_Data for processing_.
★ ★ ★ ★ ★ ★ ★
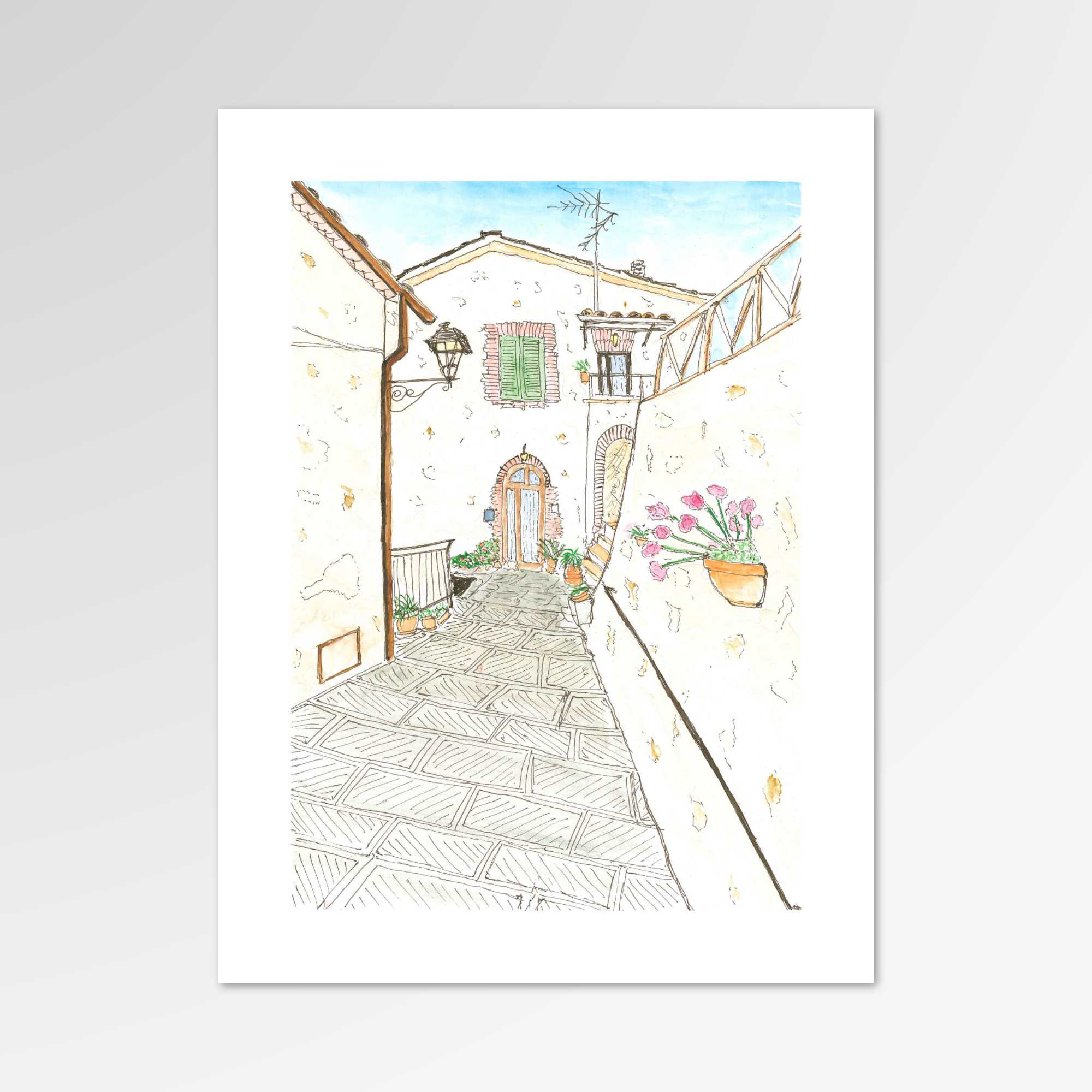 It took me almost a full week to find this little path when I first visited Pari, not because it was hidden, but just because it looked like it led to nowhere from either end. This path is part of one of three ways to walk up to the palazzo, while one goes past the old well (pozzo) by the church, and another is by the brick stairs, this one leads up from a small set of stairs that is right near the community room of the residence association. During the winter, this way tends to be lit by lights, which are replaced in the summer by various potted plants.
★ ★ ★ ★ ★ ★ ★
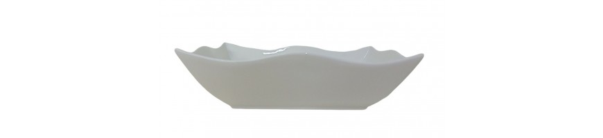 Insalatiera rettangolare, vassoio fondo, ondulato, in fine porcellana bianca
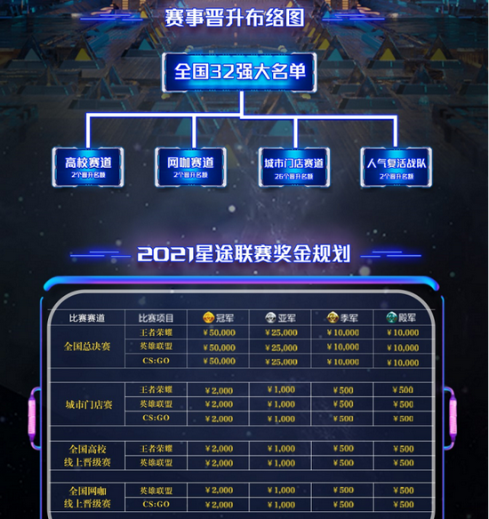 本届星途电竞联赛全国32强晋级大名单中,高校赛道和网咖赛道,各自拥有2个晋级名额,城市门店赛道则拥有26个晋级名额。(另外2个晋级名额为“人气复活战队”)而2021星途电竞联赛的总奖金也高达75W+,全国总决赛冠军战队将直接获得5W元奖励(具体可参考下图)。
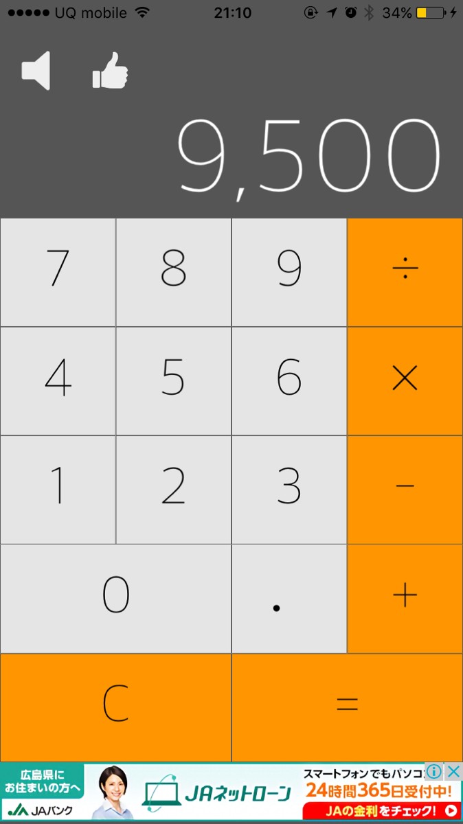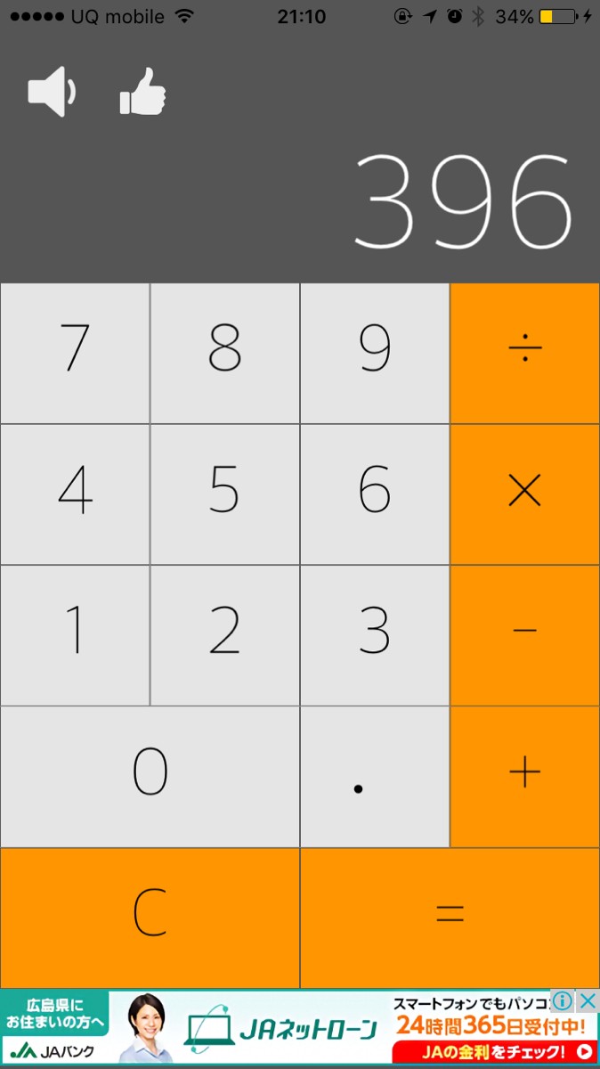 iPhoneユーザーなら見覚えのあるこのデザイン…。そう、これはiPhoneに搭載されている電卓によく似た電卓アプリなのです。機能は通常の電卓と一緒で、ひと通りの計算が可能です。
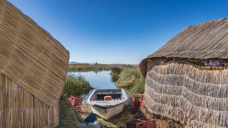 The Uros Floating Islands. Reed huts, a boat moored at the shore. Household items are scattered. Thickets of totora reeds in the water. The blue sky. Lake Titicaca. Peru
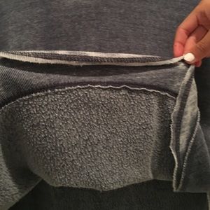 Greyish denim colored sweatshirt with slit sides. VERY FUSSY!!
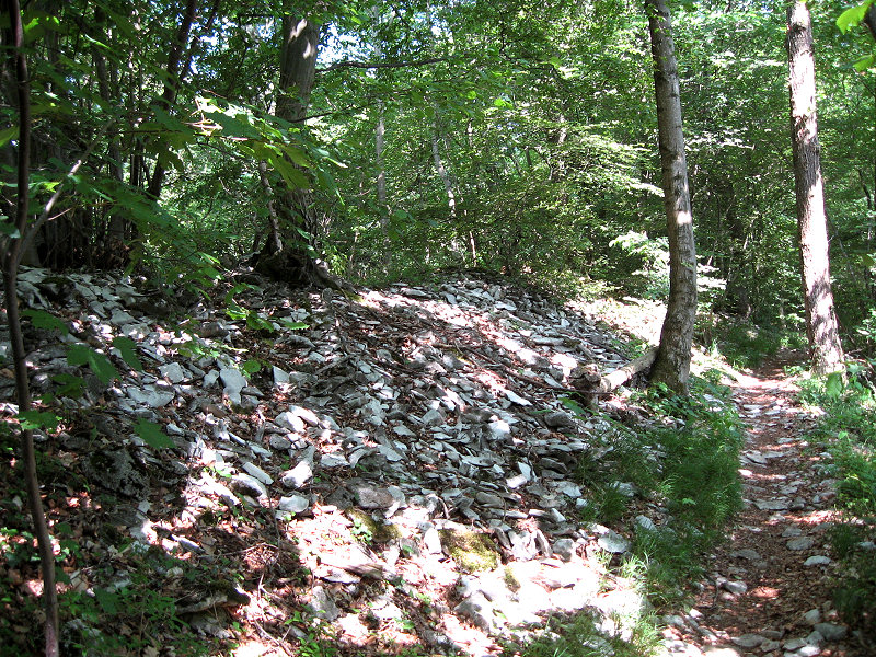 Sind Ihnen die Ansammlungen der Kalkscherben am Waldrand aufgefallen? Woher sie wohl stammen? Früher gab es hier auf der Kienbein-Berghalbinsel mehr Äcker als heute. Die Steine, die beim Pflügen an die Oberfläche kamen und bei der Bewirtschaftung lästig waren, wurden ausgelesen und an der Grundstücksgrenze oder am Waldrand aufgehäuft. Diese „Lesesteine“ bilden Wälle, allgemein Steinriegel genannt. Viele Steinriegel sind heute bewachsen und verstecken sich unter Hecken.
★ ★ ★ ★ ★ ★ ★
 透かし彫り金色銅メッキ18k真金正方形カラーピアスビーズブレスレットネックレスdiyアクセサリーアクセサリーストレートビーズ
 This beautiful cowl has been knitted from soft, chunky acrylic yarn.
★ ★ ★ ★ ★ ★ ★
_Problem description_.
Set down, unchanged, only those lines above that fall between the line with "透かし彫り金色銅メッキ18k" and the line with "This beautiful cowl", the two end lines included.

_Result below_.
 透かし彫り金色銅メッキ18k真金正方形カラーピアスビーズブレスレットネックレスdiyアクセサリーアクセサリーストレートビーズ
 This beautiful cowl has been knitted from soft, chunky acrylic yarn.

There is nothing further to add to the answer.